A. J. Industries, Inc. v. Alaska Public Service Commission

470 P.2d 537, 1970 Alas. LEXIS 197, 1970 WL 202990
CourtAlaska Supreme Court
DecidedJune 15, 1970
Docket1173
StatusPublished
Cited by24 cases

This text of 470 P.2d 537 (A. J. Industries, Inc. v. Alaska Public Service Commission) is published on Counsel Stack Legal Research, covering Alaska Supreme Court primary law. Counsel Stack provides free access to over 12 million legal documents including statutes, case law, regulations, and constitutions.

Bluebook
A. J. Industries, Inc. v. Alaska Public Service Commission, 470 P.2d 537, 1970 Alas. LEXIS 197, 1970 WL 202990 (Ala. 1970).

Opinion

OPINION

BONEY, Chief Justice.

This case involves a petition for review of a superior court judgment denying the petitioner’s request for a preliminary injunction. The petitioner, A. J. Industries, Inc., is a public utility furnishing wholesale electricity in the Juneau area. The respondent is the Alaska Public Service Commission. Parties admitted on the side of the respondent are the Alaska Electric Light and Power Company — immediate consumer of electricity produced by A. J. Industries — and three local government units — the City of Juneau, the City of Douglas and the Greater Juneau Borough —all representing the ultimate consumers of electricity in the area supplied by A. J. Industries. The background of this case is complicated, extends over a period of several years, and involves the intricate progress of a request for a rate increase through the judicial structure of an administrative agency. However, for the purposes of the present case, a cursory review of the facts will suffice.

In February 1965, the petitioner filed with the Public Service Commission a proposal for increasing its rates. The proposal was opposed, and hearings were subsequently held on the matter. As a result of the hearings it was determined that more information was needed to set a final rate; an interim rate was established based on the petitioner’s book figures for net plant and depreciation. On June 3, 1968, after additional hearings and briefs, a hearing officer issued a decision on the petitioner’s proposed increase. On December 24, 1968, the Public Service Commission approved and supplemented the substance of the hearing officer’s decision. This order of the Commission was not final because it required the petitioner to file statements of certain additions and expenses. However, on April 8, 1969, the Commission issued its “First Supplemental Order”, which is for the purposes of this petition the final order of the Commission. The order explained in greater detail — but did not otherwise substantially alter — the previous order.
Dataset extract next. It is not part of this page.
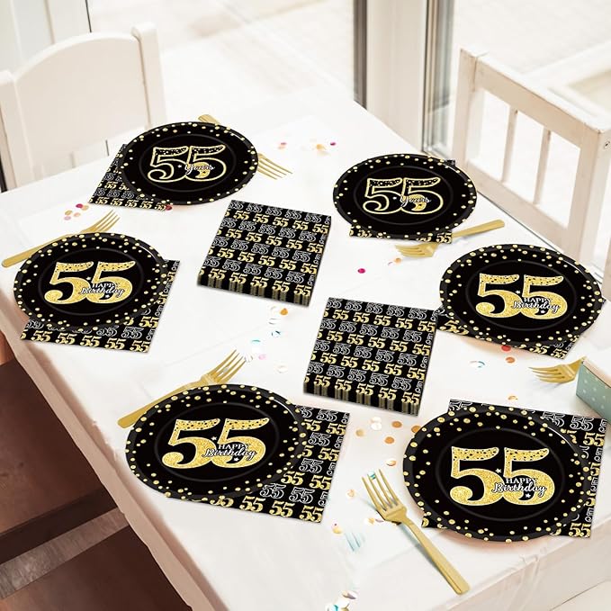 - 55th birthday design: design with black gold 55th birthday party elements, like confetti, large letters, etc, make a memorable and meaningful party with this exquisite 55th birthday party tableware.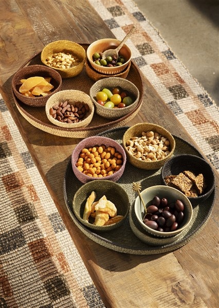 This round seagrass tray in peach, brown brings warmth, texture and a touch of nordic nature to your home. Crafted from dyed seagrass, machine hand-stitched with cotton thread, it offers light yet strong quality. Our round seagrass tray is perfect for functional storage and serving, appealing to eco-conscious customers.

A. J. Industries commenced an action in superior court for review of the Commission’s action; it also sought a preliminary injunction to prevent enforcement of the rate set by the Commission’s “First Supplemental Order”. In both actions the petitioner specified four errors allegedly committed by the Public Service Commission in setting the new rate. It was first charged that the Commission was mistaken in basing its final rate on the petitioner’s book figures as to value instead of on offered evidence of original cost. It was next contended that error was committed in the ordering of a $50,000 disallowance from operating expenses as a penalty for inefficiency. Also charged as error was the setting of a rate of return of 5.75% on the petitioner’s debt (although the petitioner later conceded that this was its actual debt cost), and 10% on its equity. It was additionally charged that the Commission wrongfully disallowed an amount for the 10% income tax surcharge to be added to the petitioner’s revenue requirements. The petitioner alleged that these errors resulted in great losses to it and amounted to an unconstitutional confiscation of funds.
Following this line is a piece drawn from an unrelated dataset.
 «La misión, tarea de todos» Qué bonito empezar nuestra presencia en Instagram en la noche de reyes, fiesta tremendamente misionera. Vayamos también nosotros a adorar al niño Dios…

*539 After conducting hearings on the request for a preliminary injunction, the superior court, on June 3, 1969, signed an order denying the request for preliminary relief. A. J. Industries immediately petitioned to this court for review of the superior court’s decision. After hearing oral argument and considering the extensive briefs of the parties we have decided to grant review in this matter. 1

It is first contended by respondent that, by virtue of Alaska’s statutory law, the superior court had no jurisdiction to allow preliminary relief of the type sought by the petitioner. 2 In support of its contention, the respondent has cited Farmer’s Educational and Cooperative Union v. Circuit Court, 73 S.D. 203, 40 N.W.2d 402 (1949). Although that case appears to be in point with the present case, we are not persuaded that it should be followed in Alaska. AS 44.62.560(e) provides:

The superior court may enjoin agency action in excess of constitutional or statutory authority at any stage of an agency proceeding. If agency action is unlawfully withheld or unreasonably withheld, the superior court may compel the agency to initiate action.
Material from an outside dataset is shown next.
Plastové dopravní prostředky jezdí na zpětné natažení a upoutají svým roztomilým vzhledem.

We read this provision as allowing the superior court to assert jurisdiction and grant preliminary relief in a case such as the present one, where an agency has established a permanent rate. The statutes cited by the respondent in support of its position may serve to delimit the relationship between an agency and a utility; they may, further, go the proper weight to be accorded a rate set by an agency. However, we cannot agree with the respondent that these provisions deprive the courts of Alaska of jurisdiction. Accordingly, we hold that the superior court did not commit error in finding that it had jurisdiction in this matter.

The question we must now decide is whether the superior court erred in refusing to grant preliminary injunctive relief to the petitioner. Upon a reading of the order denying the request for a preliminary injunction it is evident that the superior court grounded its conclusion in a *540 finding that the petitioner would not succeed on the ultimate adjudication of the merits of its claims. A good deal of the discussion in the parties’ briefs to this court has also centered upon the issue of the probability of the petitioner succeeding in the final adjudication of this matter.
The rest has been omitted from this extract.